Denoising Autoencoder Normalization for Large-Scale Untargeted Metabolomics by Gas Chromatography-Mass Spectrometry

Affiliations

Denoising Autoencoder Normalization for Large-Scale Untargeted Metabolomics by Gas Chromatography-Mass Spectrometry

Ying Zhang et al. Metabolites. .

Abstract

Large-scale metabolomics assays are widely used in epidemiology for biomarker discovery and risk assessments. However, systematic errors introduced by instrumental signal drifting pose a big challenge in large-scale assays, especially for derivatization-based gas chromatography-mass spectrometry (GC-MS).

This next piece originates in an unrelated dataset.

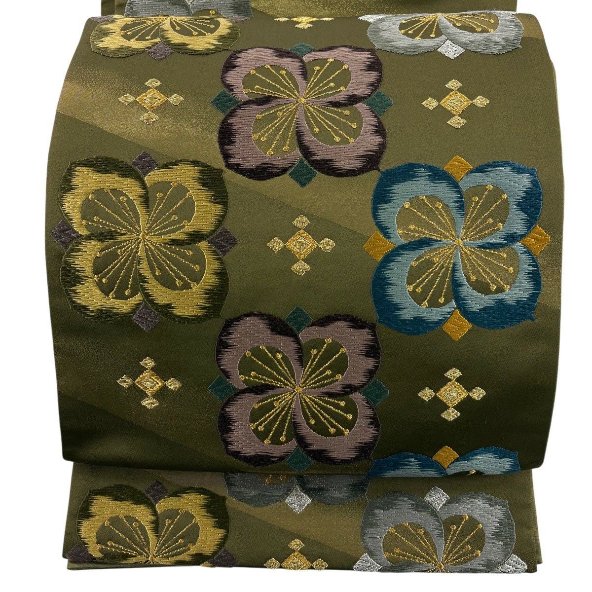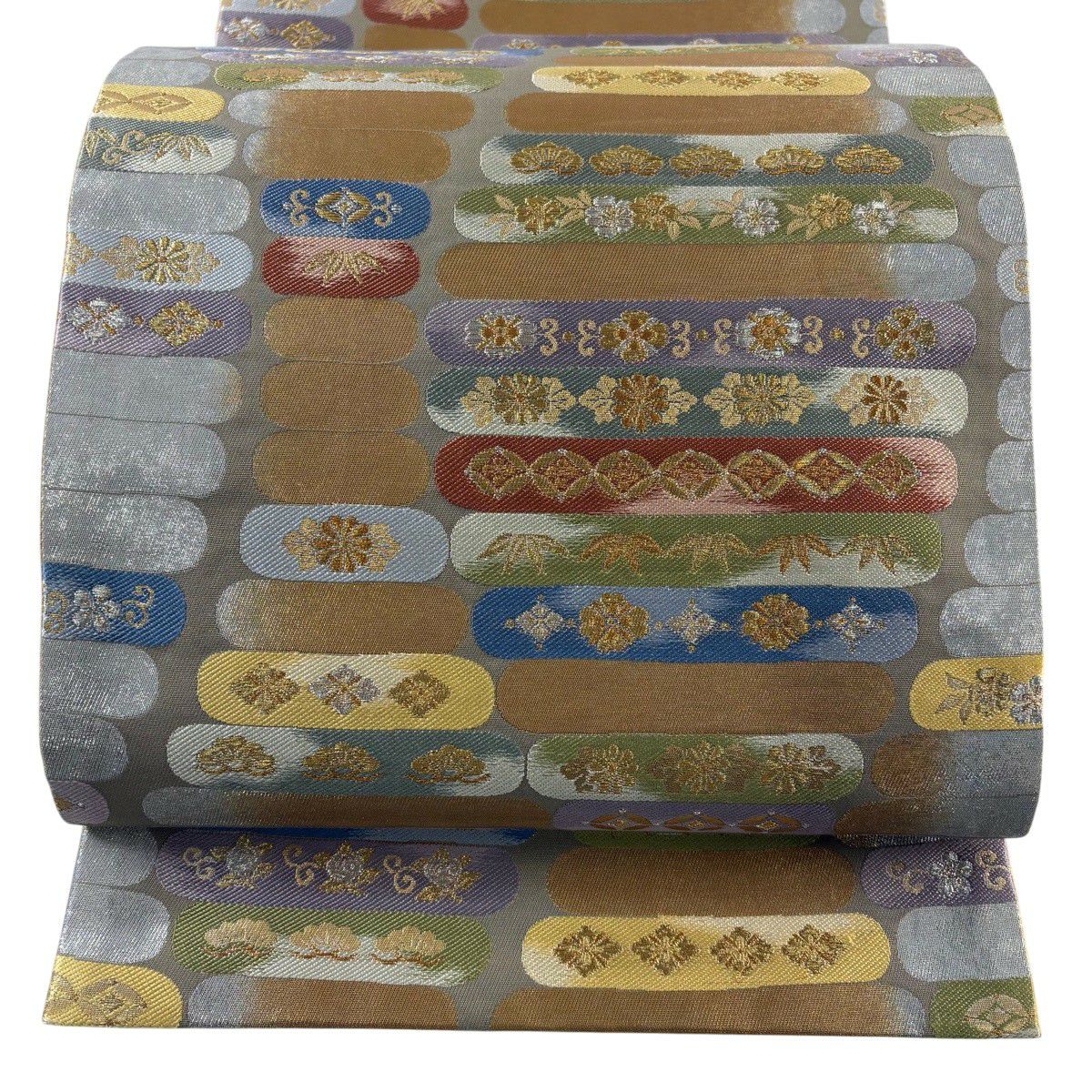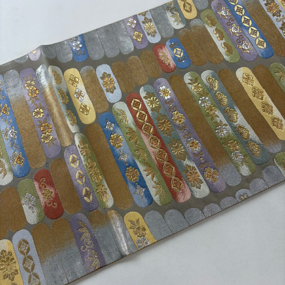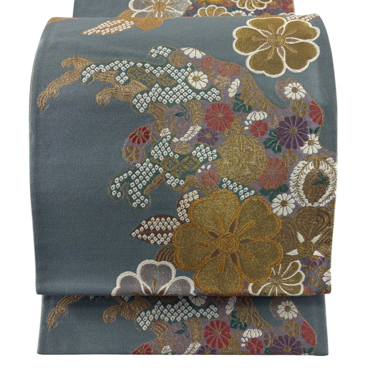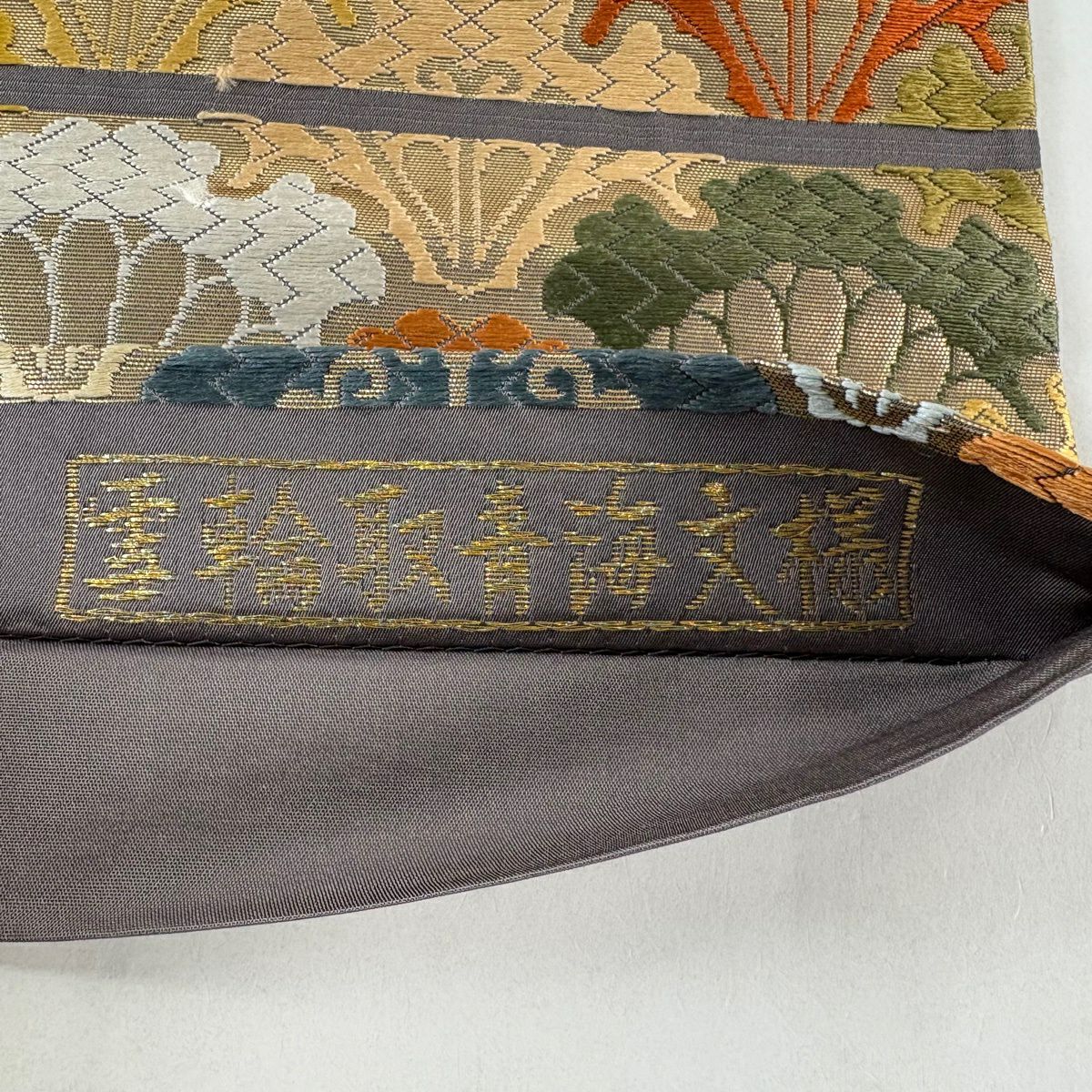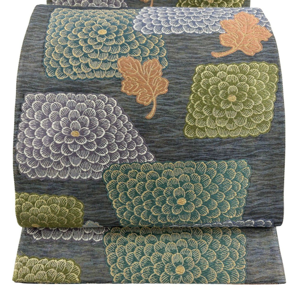 【美品】 袋帯 秀品 菊 幾何学模様 唐織 箔 灰緑 六通 正絹

Here, we compare the results of different normalization methods for a study with more than 4000 human plasma samples involved in a type 2 diabetes cohort study, in addition to 413 pooled quality control (QC) samples, 413 commercial pooled plasma samples, and a set of 25 stable isotope-labeled internal standards used for every sample. Data acquisition was conducted across 1.2 years, including seven column changes. In total, 413 pooled QC (training) and 413 BioIVT samples (validation) were used for normalization comparisons. Surprisingly, neither internal standards nor sum-based normalizations yielded median precision of less than 30% across all 563 metabolite annotations. While the machine-learning-based SERRF algorithm gave 19% median precision based on the pooled quality control samples, external cross-validation with BioIVT plasma pools yielded a median 34% relative standard deviation (RSD). We developed a new method: systematic error reduction by denoising autoencoder (SERDA). SERDA lowered the median standard deviations of the training QC samples down to 16% RSD, yielding an overall error of 19% RSD when applied to the independent BioIVT validation QC samples. This is the largest study on GC-MS metabolomics ever reported, demonstrating that technical errors can be normalized and handled effectively for this assay. SERDA was further validated on two additional large-scale GC-MS-based human plasma metabolomics studies, confirming the superior performance of SERDA over SERRF or sum normalizations.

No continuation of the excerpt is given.